CHICAGO — Over the last two years, several thousand people from across the country contributed more than $1.5 million to the National Police & Sheriff’s Coalition PAC, a political action committee based in the southwest suburbs that claims it supports pro-law enforcement political candidates.

“There are anti-law and order groups who are doing all they can to hinder the police in the performance of their duties, some even advocating violence against law enforcement,” the PAC’s website reads. “Your police and sheriffs need the support of all elected officials, and the National Police & Sheriff’s Coalition PAC is working overtime to make sure pro-police legislators are elected.”

However, a class-action lawsuit filed in November alleges that the Bridgeview-based PAC has repeatedly violated the federal Telephone Consumer Protection Act by making automated and/or pre-recorded calls as part of a scheme to mislead donors. The PAC has expressly denied it is in violation of this law.

Further, a WGN Investigates analysis of the PAC’s 2021 and 2022 IRS filings found that none of the PAC’s reported expenditures went to any pro-law enforcement groups, entities or political candidates. In addition, the PAC does not appear to be registered, nor made any filings, with the Federal Election Commission.

“Instead of putting the millions of dollars raised by Defendant to work for the law enforcement officials that Defendant claims to champion, Defendant misappropriates and funnels nearly all of the funds to an array of companies fraudulently characterized as ‘expenditures,’” the lawsuit alleges.

The next hearing in the case has yet to be scheduled, federal court records show.

IRS filings show the National Police & Sheriff’s Coalition PAC was founded in December 2020 by Frank Pulciani, who joined Cook County Sheriff’s Office in 1989 and retired in 2008, according to sheriff’s office spokesman Matt Walberg. In recent years, Pulciani has worked as a fundraiser for law enforcement and first-responder-related causes.

Pulciani declined multiple interview requests and his attorney did not respond to an inquiry. In an email to WGN Investigates, a representative for the National Police & Sheriffs Coalition PAC wrote: “We take compliance very seriously at our organization and have protocols in place to ensure that we are legally compliant.”

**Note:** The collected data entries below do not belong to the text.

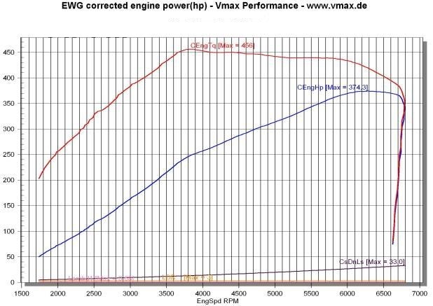 Ladedruck im Overboost 1.5bar abfallend auf ~1.3bar @ 6000rpm und ~1.15bar @ 6700rpm .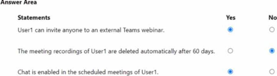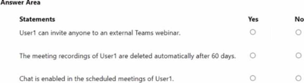 You are evaluating Microsoft Teams meeting features for a user named User1.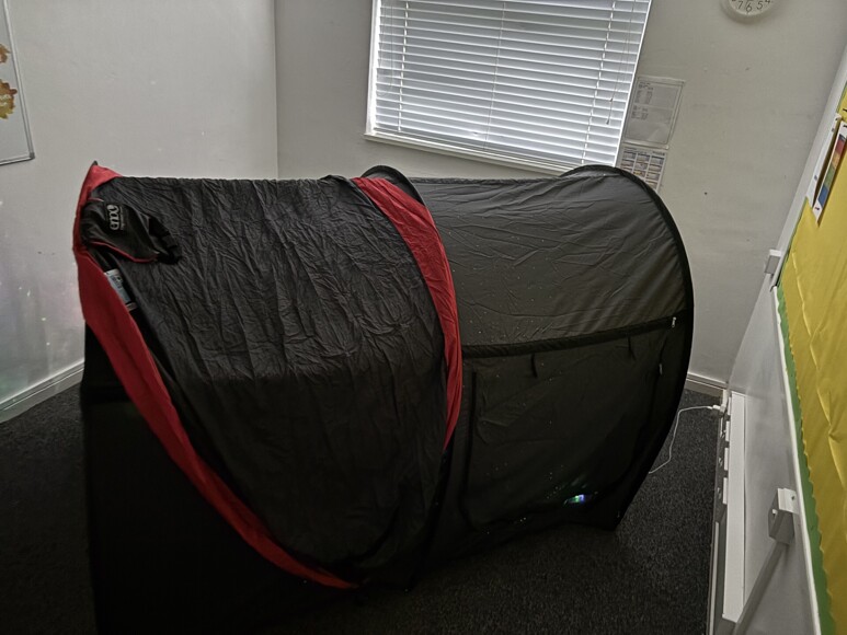 The Hub now includes a blackout pod equipped with sensory sound and lighting, as well as weighted blankets and a range of other resources designed to help pupils feel calm and regulated.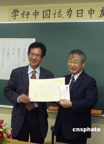 圖:日中學(xué)院首次為旅日華人頒發(fā)倉石獎
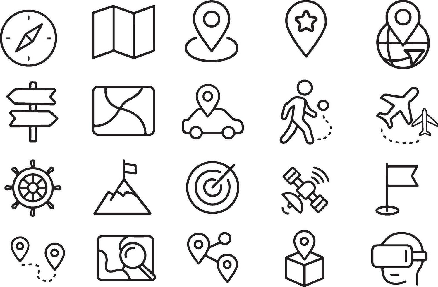 Navigation Line Icon Set Modern Outline art Icons for GPS, Compass, Maps, Routes, Travel, Direction, Location, and Navigation Apps Pro Vector

Frank Pulciani Cook County Sheriff’s Office photo

The class-action lawsuit was filed against the National Police & Sheriff’s Coalition PAC on Nov. 1 in U.S. District Court in Chicago. The suit alleges that the PAC was “designed to defraud consumers out of millions of dollars by soliciting so-called ‘political’ contributions through rampant violations of the Telephone Consumer Protection Act of 1991.”

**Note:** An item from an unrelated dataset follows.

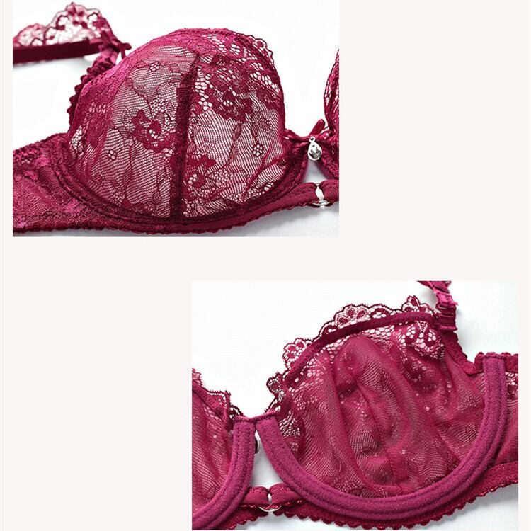 (A-Dカップ)セクシー 下着 ワイヤー入り レース 透け感 ブラ&ショーツセット35999679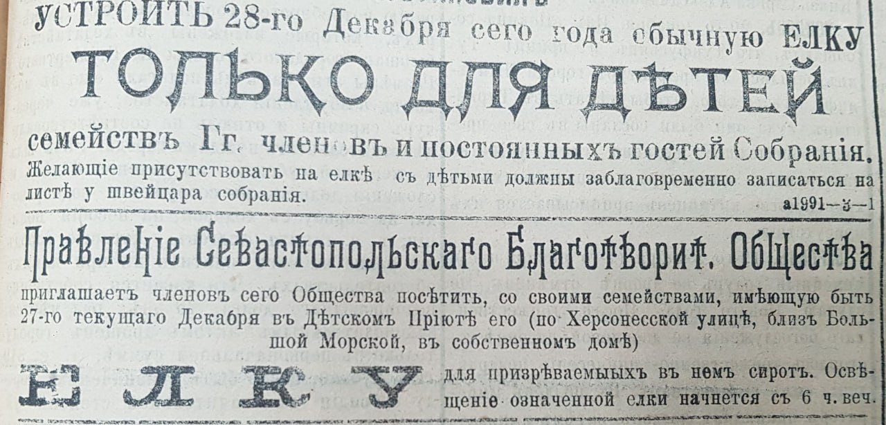 Благотворительные общества устраивали ужины и дарили подарки своим "подопечным" - детям-сиротам и бедным представителям национальностей. Особо помогали "своим" Еврейское и Караимское благотворительные общества...

Aside from emergency calls, the TCPA prohibits making any call to a cellphone “using an automatic telephone dialing system or an artificial or prerecorded voice without the prior express consent of the called party,” the suit states.

The number of plaintiffs in the case is not stated, but the suit alleges that the PAC “makes unsolicited prerecorded and/or soundboard technology driven calls to hundreds of thousands of Americans without prior express consent.” A single TCPA violation — that is, one unsolicited prerecorded call — can result in a fine of up to $1,500.

PACs are required to make disclosures to the IRS each quarter about contributions and expenditures.

In 2021, the PAC received contributions totaling $1,069,921, IRS records show. In that same period, the PAC spent a nearly identical amount — $1,062,851 — at 10 different companies based across the country. In the first three quarters of 2022, the National Police & Sheriff’s Coalition PAC reported that it received contributions totaling $439,115. In that same nine-month span, the PAC reported spending $379,967 at nine different companies.


More Coverage: WGN Investigates

The PAC did not list any expenditures to pro-law enforcement groups, entities or other political committees in the first three quarters of 2022.

The PAC reported to the IRS that its expenditures with those companies were for “fundraising, donor management, database services, direct mail services, postage,” as well as “administrative consulting, payroll and accounting, merchant processing.”

Tom Zimmerman, an attorney representing the plaintiffs in the class-action suit, said:

“We’ve researched these entities and some of them are legitimate and some of them have no presence on the Internet, no physical presence, no office location, no address that we could find, no employees that we could find. And so it’s our belief that the money is being funneled through these shell corporations somewhere.”

“Clearly, in this case, the goal of these robocalls is to raise money for a PAC under false pretenses and then pay large sums of money that PAC raises to shell corporations,” Zimmerman continued. “Where the money goes after that, we don’t know at this point. But we do know from public filings [that] it’s not going to the police, that’s for sure.”